Problem
An exact copy of every entry is needed, without any of the pictures.

Recorded information
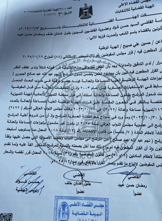 قررت الهيئة القضائية، نقض قرار مفوضية الانتخابات باعتبار
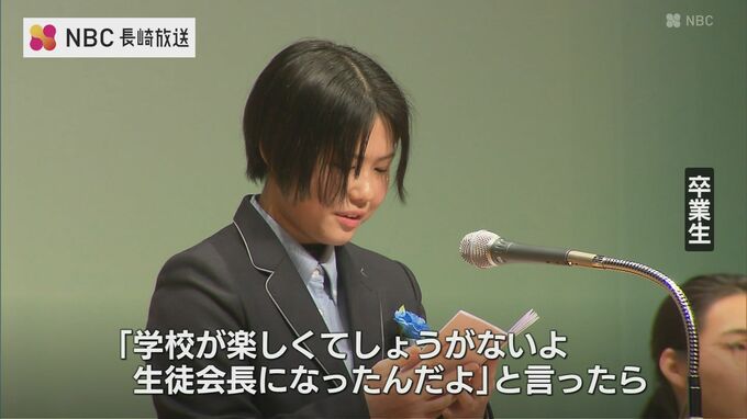 卒業生の答辞「『学校が楽しくてしょうがないよ、生徒会長になったんだよ』と言ったら、昔の自分は『絶対にありえない』と言うと思います」
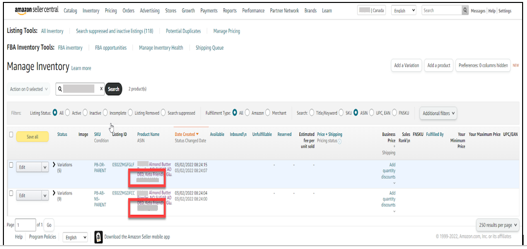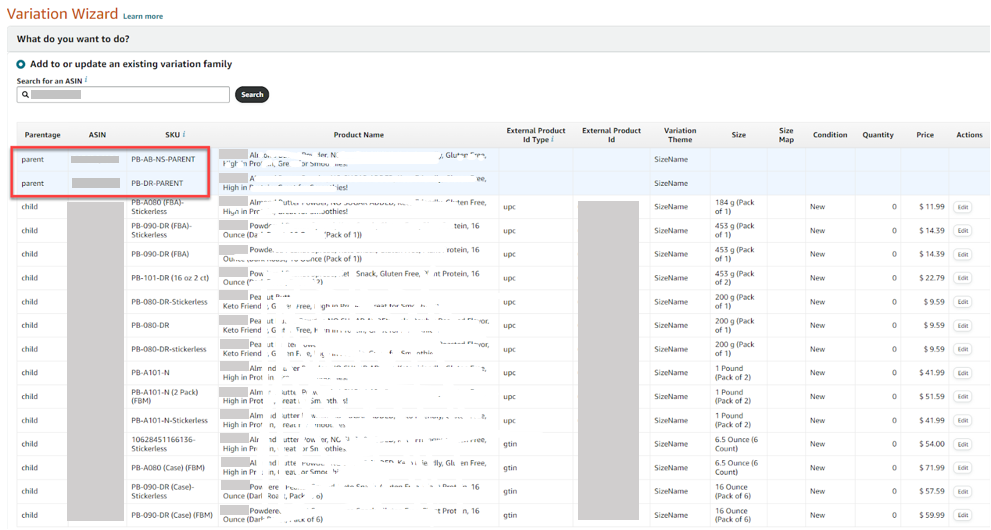- Keep the 2 merged Parent SKUs together so that all child listings will appear in the Variation Wizard. Seller Support will not see what our Inventory Page looks like, so they need to see what we’re talking about using the Variation Wizard.
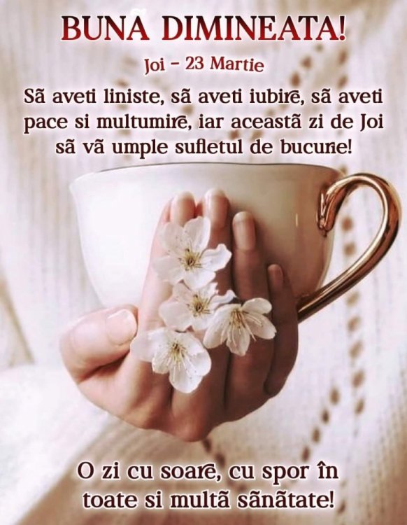Fejer Antal 10.424 Semnalează Publicat 23 Martie, 2023 Bună dimineața! O zi de joi minunată să aveți vă dorim! 1 Distribuie această postare Link către postare Distribuie pe alte siteuri
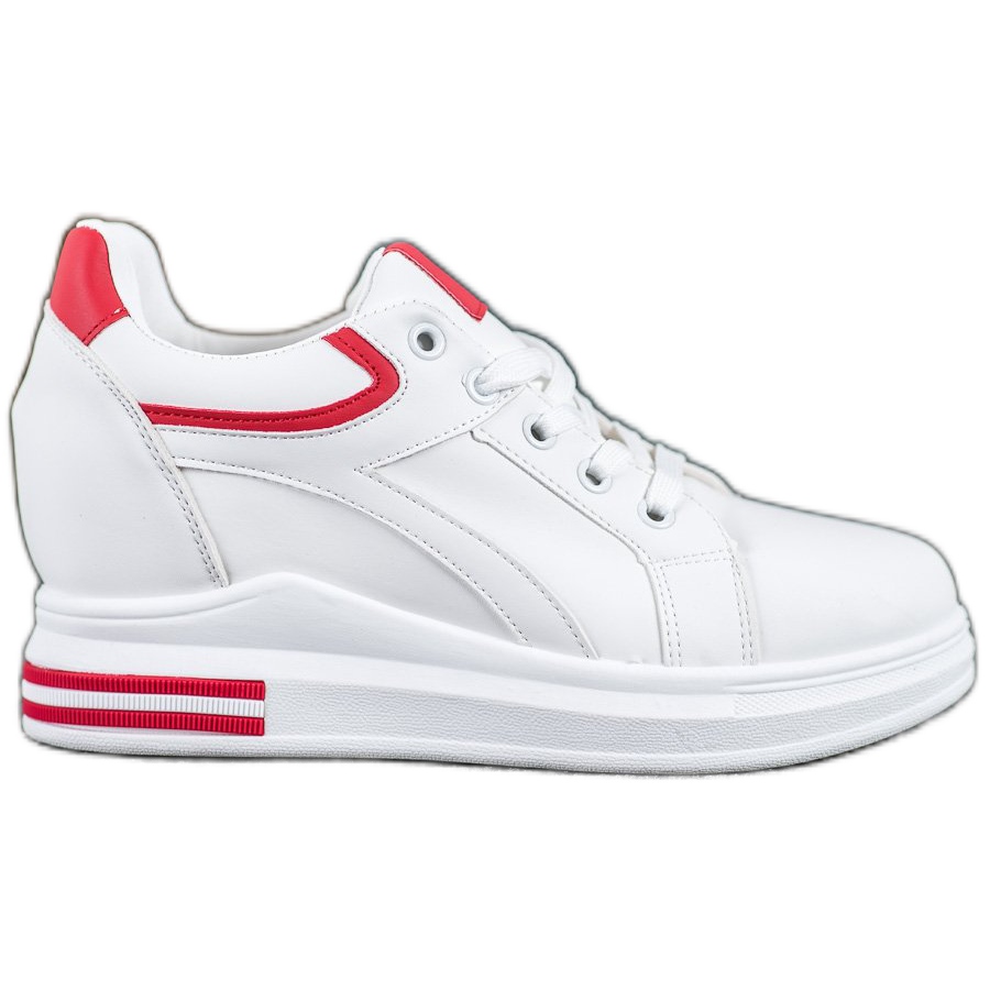 Etsitkö täydellistä yhdistelmää urheilullista tyyliä ja mukavuutta? Nämä ovat Loveryn Wedge Sneakers -lenkkarit, jotka ilahduttavat paitsi muotoilullaan, myös toimivuudellaan. Nämä kengät on valmistettu korkealaatuisesta keinonahasta muodikkaassa valkoisessa värissä punaisilla sovelluksilla. Nämä kengät ovat erinomainen valinta modernille naiselle, joka haluaa tuntea olonsa muodikkaaksi joka päivä.
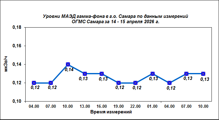 Результаты наблюдений за уровнем гамма-фона на метеостанции (ОГМС) Самара за последние сутки приведены на диаграмме:
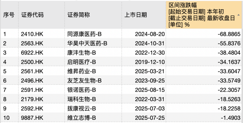 77家18A公司中,股价下跌的仅有10家,跌幅最大的是同源康医药,跌幅超过68%。
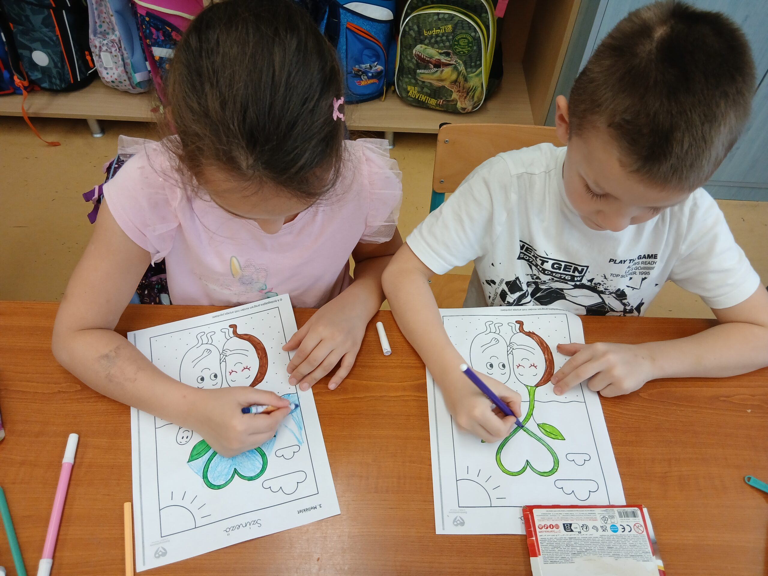 Miután megbeszéltük, hogy mennyire fontosak a társas kapcsolatok és milyen erővel bírnak a támogató kapcsolatok, Horváth Adél és Horváth Lili díjnyertes meséje, „Mekkora szíve van egy babszemnek?” került tanítói felolvasásra. A gyerekek figyelmesen, érdeklődve hallgatták végig a mesét. Melyet feldolgozás után részekre bontottak és páros munkában készítették el kreatív alkotásaikat a tanulók. A téma végső befejezését a bájos színezők adták a két babszemről.
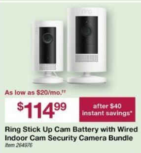 Ring Security Camera Bundle with Wired Indoor Cam and Battery Powered Stick Up Cam
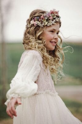 bucle y corona flores peinado niña
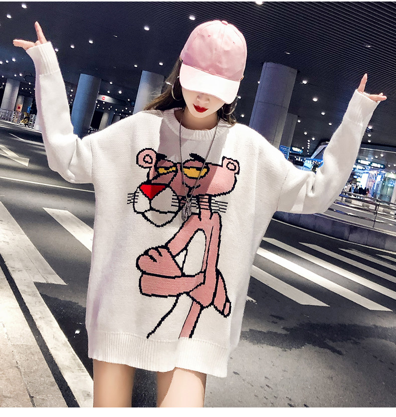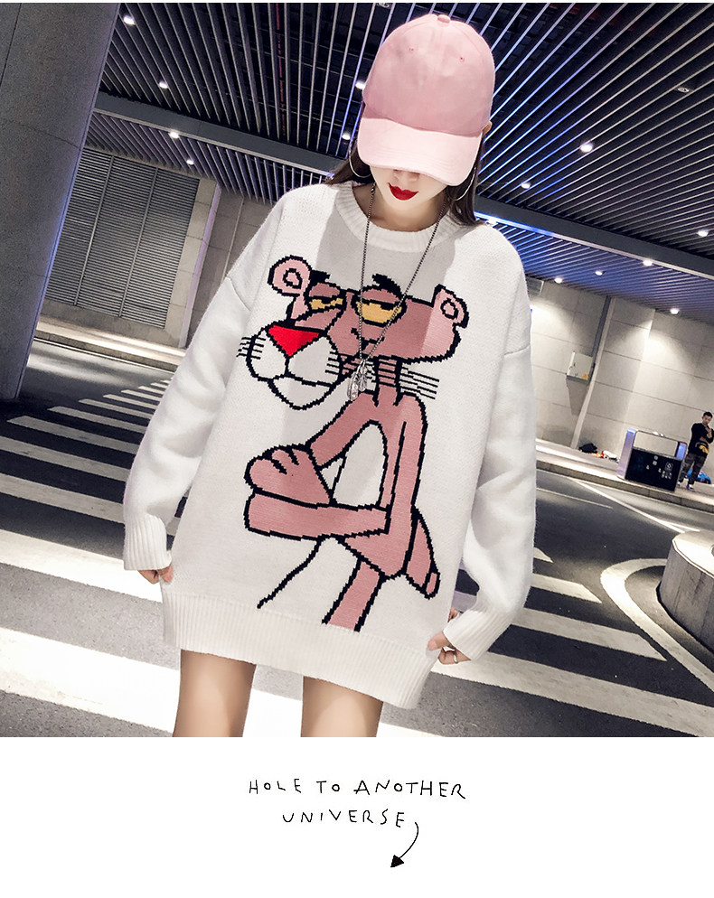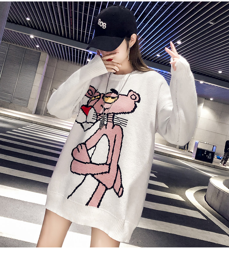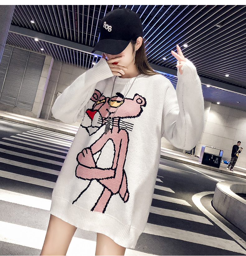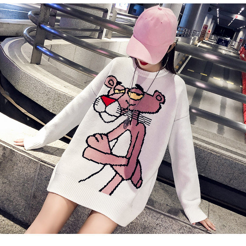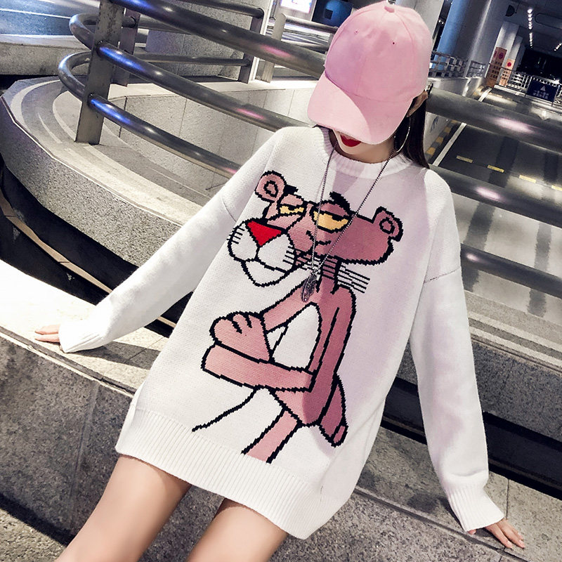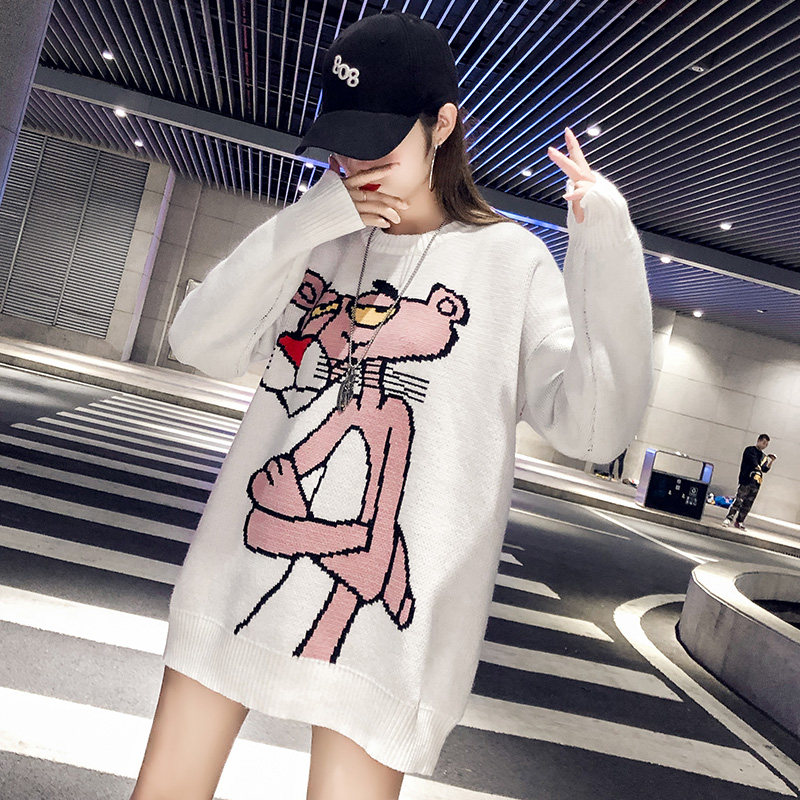 Мультяшный свитер, дизайнерский демисезонный трикотажный длинный комплект, в западном стиле, свободный крой, тренд сезона, средней длины
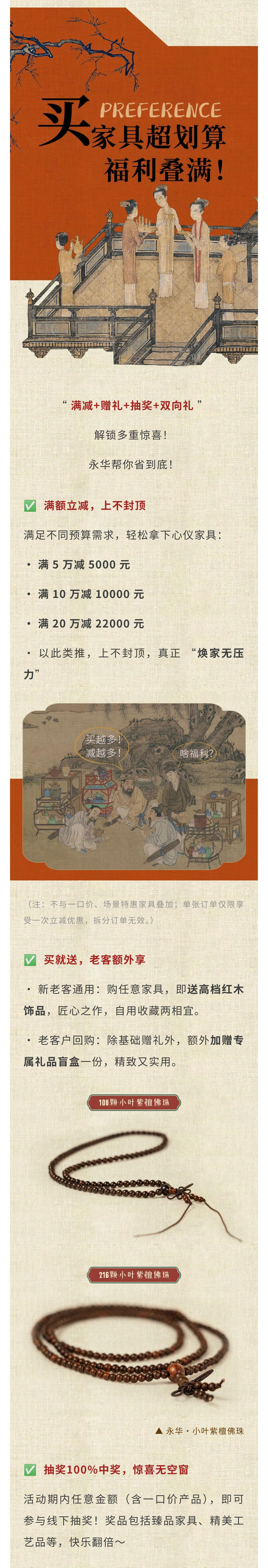 永华十一红木焕家指南:福利全解锁,从到店礼到满减优惠一篇搞定
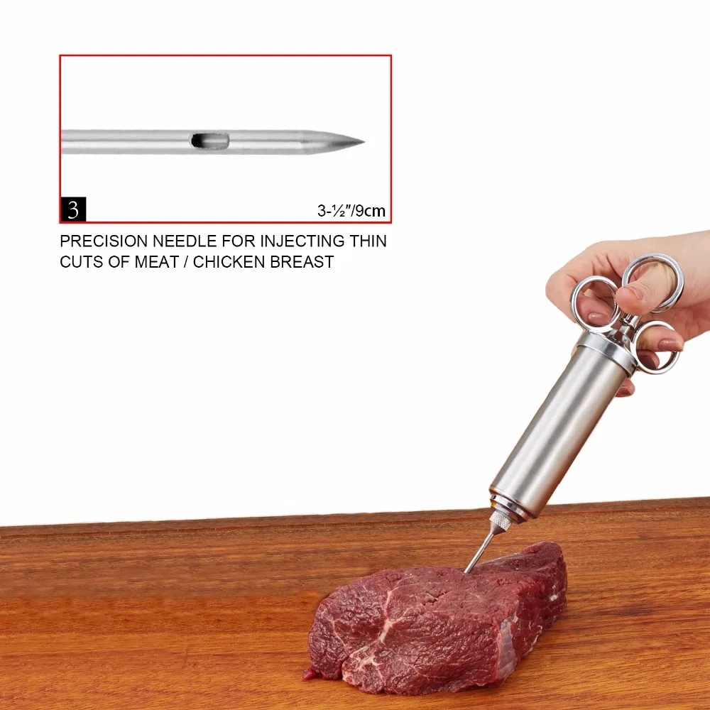 Comprar Novo 2 Oz Seringa Injector da Carne de aves de Capoeira Sabor Marinada Injetor Injetores de Carne Tempero PARA CHURRASCO Utensílios de Cozinha Kit com 3 Agulhas Baratas Online Preço.

Problem solution
 قررت الهيئة القضائية، نقض قرار مفوضية الانتخابات باعتبار
 卒業生の答辞「『学校が楽しくてしょうがないよ、生徒会長になったんだよ』と言ったら、昔の自分は『絶対にありえない』と言うと思います」
- Keep the 2 merged Parent SKUs together so that all child listings will appear in the Variation Wizard. Seller Support will not see what our Inventory Page looks like, so they need to see what we’re talking about using the Variation Wizard.
Fejer Antal 10.424 Semnalează Publicat 23 Martie, 2023 Bună dimineața! O zi de joi minunată să aveți vă dorim! 1 Distribuie această postare Link către postare Distribuie pe alte siteuri
 Etsitkö täydellistä yhdistelmää urheilullista tyyliä ja mukavuutta? Nämä ovat Loveryn Wedge Sneakers -lenkkarit, jotka ilahduttavat paitsi muotoilullaan, myös toimivuudellaan. Nämä kengät on valmistettu korkealaatuisesta keinonahasta muodikkaassa valkoisessa värissä punaisilla sovelluksilla. Nämä kengät ovat erinomainen valinta modernille naiselle, joka haluaa tuntea olonsa muodikkaaksi joka päivä.
 Результаты наблюдений за уровнем гамма-фона на метеостанции (ОГМС) Самара за последние сутки приведены на диаграмме:
 77家18A公司中,股价下跌的仅有10家,跌幅最大的是同源康医药,跌幅超过68%。
 Miután megbeszéltük, hogy mennyire fontosak a társas kapcsolatok és milyen erővel bírnak a támogató kapcsolatok, Horváth Adél és Horváth Lili díjnyertes meséje, „Mekkora szíve van egy babszemnek?” került tanítói felolvasásra. A gyerekek figyelmesen, érdeklődve hallgatták végig a mesét. Melyet feldolgozás után részekre bontottak és páros munkában készítették el kreatív alkotásaikat a tanulók. A téma végső befejezését a bájos színezők adták a két babszemről.
 Ring Security Camera Bundle with Wired Indoor Cam and Battery Powered Stick Up Cam
 bucle y corona flores peinado niña
 Мультяшный свитер, дизайнерский демисезонный трикотажный длинный комплект, в западном стиле, свободный крой, тренд сезона, средней длины
 永华十一红木焕家指南:福利全解锁,从到店礼到满减优惠一篇搞定
 Comprar Novo 2 Oz Seringa Injector da Carne de aves de Capoeira Sabor Marinada Injetor Injetores de Carne Tempero PARA CHURRASCO Utensílios de Cozinha Kit com 3 Agulhas Baratas Online Preço.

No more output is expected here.